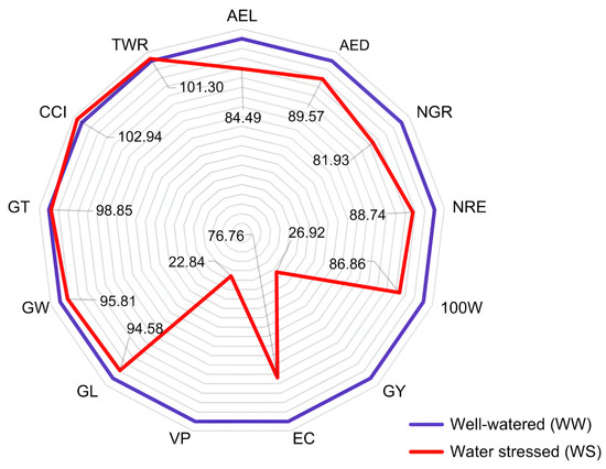The agronomic traits AEL (−15.51%), AED (−10.43%), NGR (18.07%), NRE (11.26%), 100 W (−13.14%), GY (−73.08%), EC (−23.24%) and VP (77.16%) were those most affected by drought, with magnitudes above 10% (Figure 4). The VP, GY, and EC traits were the most affected under water deficit in absolute values. The VP showed an average of 33.58 m3·ha−1 in the WW condition and 7.67 m3·ha−1 in WS, representing a reduction of 77.16%; in turn, the GY expressed an estimate of 1560.43 Kg·ha−1 in WW and 420.03 Kg·ha−1 in WS, with a reduction of 73.08%, while there was a reduction of 23.24% for the EC, with averages of 21.73 mL·g−1 in WW and 16.68 mL·g−1 in WS (Figure 4).
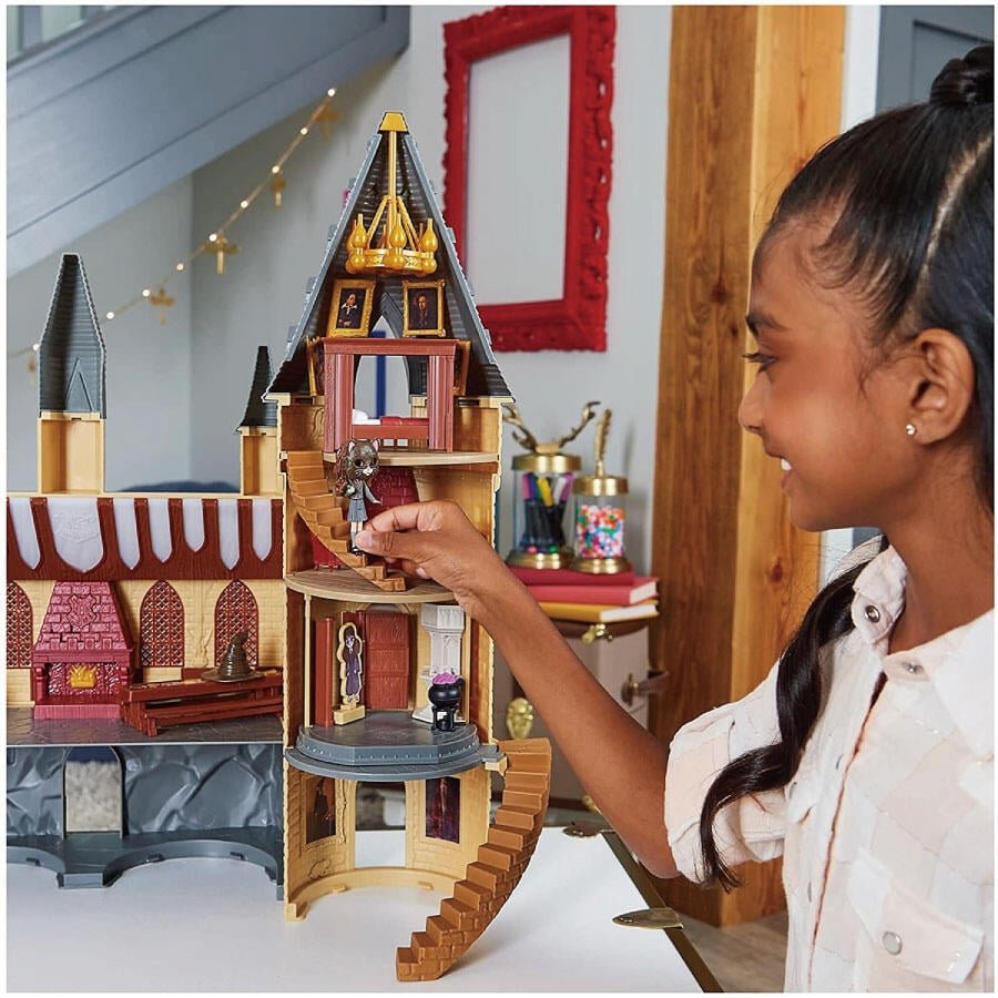 Recreate your favorite Harry Potter scenes and play out your own spellbinding adventures with the Wizarding World Magical Minis Hogwarts Castle! This amazing 2-foot-tall playset is packed with magical features to discover, including an exclusive 3-inch Hermione Granger doll, 12 accessories, Moaning Myrtle’s Bathroom, enchanting lights, and sounds! With multiple places to play, there’s so much to explore in Hogwarts with Hermione and the collectible Magical Minis Harry Potter toys (each sold separately). The Great Hall is the perfect spot to begin your storytelling. Hermione can light up the fireplace or the Great Hall’s ceiling lights when she stands on the activation spot! The ceiling can also light up into each of the four Hogwarts House colors and each House song plays. Play out stories from the Harry Potter movies using the castle’s themed accessories. Pose and sit Hermione at the Great Hall dining table; place the Sorting Hat on your doll; move around the framed portraits, spin the Dormitory’s chandelier and more. Move the staircase and check out Moaning Myrtle’s Bathroom: Hermione can brew some Polyjuice Potion in the cauldron and wear the cat mask to recreate the famous scene. Get ready for a pop-open surprise – it’s Moaning Myrtle! For more ways to expand your Magical Minis small dolls world, there’s room in Hogwarts Castle to connect the Charms and Potions Classroom Playsets and you can connect the Care of Magical Creatures Playset to the outside (each sold separately)! Collect and connect all of the Magical Minis dolls and playsets to build your own Wizarding World! With so many incredible details and activations, this castle toy will inspire your imagination through exciting pretend play. The Wizarding World Magical Minis Hogwarts Castle is the ultimate gift for kids and Harry Potter fans. Requires 3 AAA batteries (not included). Bring home the Wizarding World Magical Minis Hogwarts Castle and experience the magic of Harry Potter!MAGICAL MINIS HOGWARTS CASTLE: This almost 2ft. tall castle has lights, sounds and amazing details. Experience the ultimate settings for Wizarding World adventures in the Great Hall, Gryffindor common room, Moaning Myrtle’s Bathroom and more!
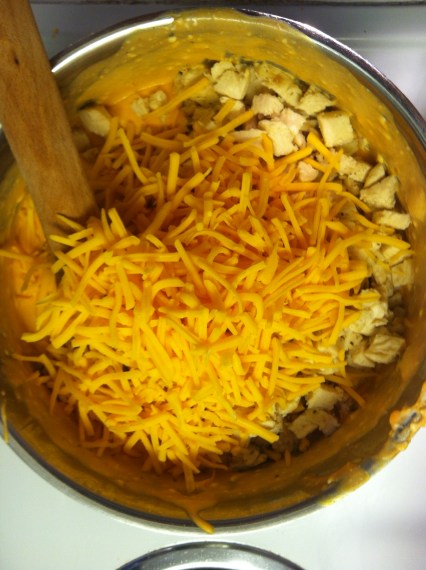 Stir in chicken and about half of the cheddar cheese. Stir until combined.
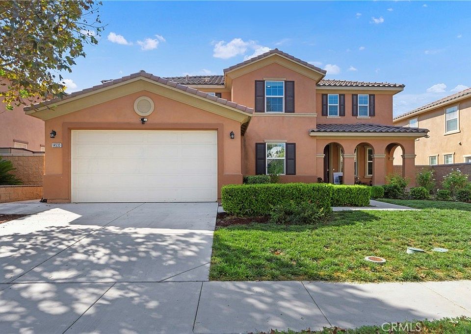 Welcome to this spacious 5 bed, 4.5 bath home in The Enclave- a highly desirable gated community! This beautiful home was built in 2013 & offers plenty of space to relax & entertain with approximately 3,600 sqft of living space on a 6,970 sqft lot. Between 2020 and 2021, the Owners upgraded the flooring, repainted interior walls, and replaced window glass throughout. Downstairs features 1 bedroom & 1 full bath, plus 1 powder room. The home boasts natural light, recessed lighting, & luxury vinyl plank flooring throughout. The living room leads into the open kitchen, which has tons of counter space, an island with seating, granite countertops, white cabinetry, & a pantry. The upstairs loft with a media niche is large & airy. Upstairs features 3 bed & 2 bath on one side, with the massive Primary Suite on the other. The primary retreat has dual closets plus a linen closet, & a huge en-suite bath with a separate tub & shower & dual sinks. The laundry room has a sink & is conveniently on the second floor. This home features paid-off solar panels. Community amenities include pool, basketball court, parks, picnic & BBQ areas, & a clubhouse.
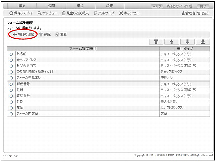 step1 フォーム編集画面を表示し、「項目の追加」をクリックします。
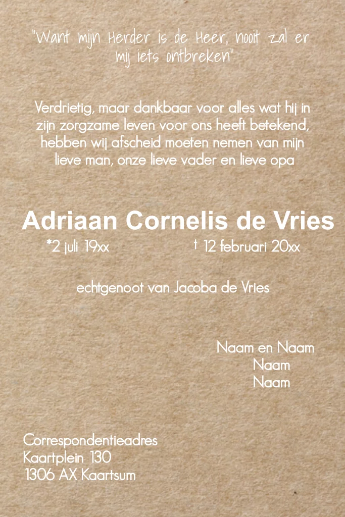 Rouwkaart voor een man met kraft look achtergrond en een eigen foto
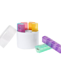 Kompakte wöchentliche Pillendose. Mit 7 Fächern, unterteilt nach Farben und Akronymen, um den Wochentag schnell zu identifizieren. Jedes Fach ist für jeden Teil des Tages in 4 unabhängige Zellen unterteilt. Präsentiert in einer einzelnen recycelten Tasche.

-=-=-=-=-

* _WORK REQUIRED_:
Your answer must be the records above, word for word, with no pictures.

* _EXERCISE RESULT_:
The agronomic traits AEL (−15.51%), AED (−10.43%), NGR (18.07%), NRE (11.26%), 100 W (−13.14%), GY (−73.08%), EC (−23.24%) and VP (77.16%) were those most affected by drought, with magnitudes above 10% (Figure 4). The VP, GY, and EC traits were the most affected under water deficit in absolute values. The VP showed an average of 33.58 m3·ha−1 in the WW condition and 7.67 m3·ha−1 in WS, representing a reduction of 77.16%; in turn, the GY expressed an estimate of 1560.43 Kg·ha−1 in WW and 420.03 Kg·ha−1 in WS, with a reduction of 73.08%, while there was a reduction of 23.24% for the EC, with averages of 21.73 mL·g−1 in WW and 16.68 mL·g−1 in WS (Figure 4).
 Recreate your favorite Harry Potter scenes and play out your own spellbinding adventures with the Wizarding World Magical Minis Hogwarts Castle! This amazing 2-foot-tall playset is packed with magical features to discover, including an exclusive 3-inch Hermione Granger doll, 12 accessories, Moaning Myrtle’s Bathroom, enchanting lights, and sounds! With multiple places to play, there’s so much to explore in Hogwarts with Hermione and the collectible Magical Minis Harry Potter toys (each sold separately). The Great Hall is the perfect spot to begin your storytelling. Hermione can light up the fireplace or the Great Hall’s ceiling lights when she stands on the activation spot! The ceiling can also light up into each of the four Hogwarts House colors and each House song plays. Play out stories from the Harry Potter movies using the castle’s themed accessories. Pose and sit Hermione at the Great Hall dining table; place the Sorting Hat on your doll; move around the framed portraits, spin the Dormitory’s chandelier and more. Move the staircase and check out Moaning Myrtle’s Bathroom: Hermione can brew some Polyjuice Potion in the cauldron and wear the cat mask to recreate the famous scene. Get ready for a pop-open surprise – it’s Moaning Myrtle! For more ways to expand your Magical Minis small dolls world, there’s room in Hogwarts Castle to connect the Charms and Potions Classroom Playsets and you can connect the Care of Magical Creatures Playset to the outside (each sold separately)! Collect and connect all of the Magical Minis dolls and playsets to build your own Wizarding World! With so many incredible details and activations, this castle toy will inspire your imagination through exciting pretend play. The Wizarding World Magical Minis Hogwarts Castle is the ultimate gift for kids and Harry Potter fans. Requires 3 AAA batteries (not included). Bring home the Wizarding World Magical Minis Hogwarts Castle and experience the magic of Harry Potter!MAGICAL MINIS HOGWARTS CASTLE: This almost 2ft. tall castle has lights, sounds and amazing details. Experience the ultimate settings for Wizarding World adventures in the Great Hall, Gryffindor common room, Moaning Myrtle’s Bathroom and more!
 Stir in chicken and about half of the cheddar cheese. Stir until combined.
 Welcome to this spacious 5 bed, 4.5 bath home in The Enclave- a highly desirable gated community! This beautiful home was built in 2013 & offers plenty of space to relax & entertain with approximately 3,600 sqft of living space on a 6,970 sqft lot. Between 2020 and 2021, the Owners upgraded the flooring, repainted interior walls, and replaced window glass throughout. Downstairs features 1 bedroom & 1 full bath, plus 1 powder room. The home boasts natural light, recessed lighting, & luxury vinyl plank flooring throughout. The living room leads into the open kitchen, which has tons of counter space, an island with seating, granite countertops, white cabinetry, & a pantry. The upstairs loft with a media niche is large & airy. Upstairs features 3 bed & 2 bath on one side, with the massive Primary Suite on the other. The primary retreat has dual closets plus a linen closet, & a huge en-suite bath with a separate tub & shower & dual sinks. The laundry room has a sink & is conveniently on the second floor. This home features paid-off solar panels. Community amenities include pool, basketball court, parks, picnic & BBQ areas, & a clubhouse.
 step1 フォーム編集画面を表示し、「項目の追加」をクリックします。
 Rouwkaart voor een man met kraft look achtergrond en een eigen foto
 Kompakte wöchentliche Pillendose. Mit 7 Fächern, unterteilt nach Farben und Akronymen, um den Wochentag schnell zu identifizieren. Jedes Fach ist für jeden Teil des Tages in 4 unabhängige Zellen unterteilt. Präsentiert in einer einzelnen recycelten Tasche.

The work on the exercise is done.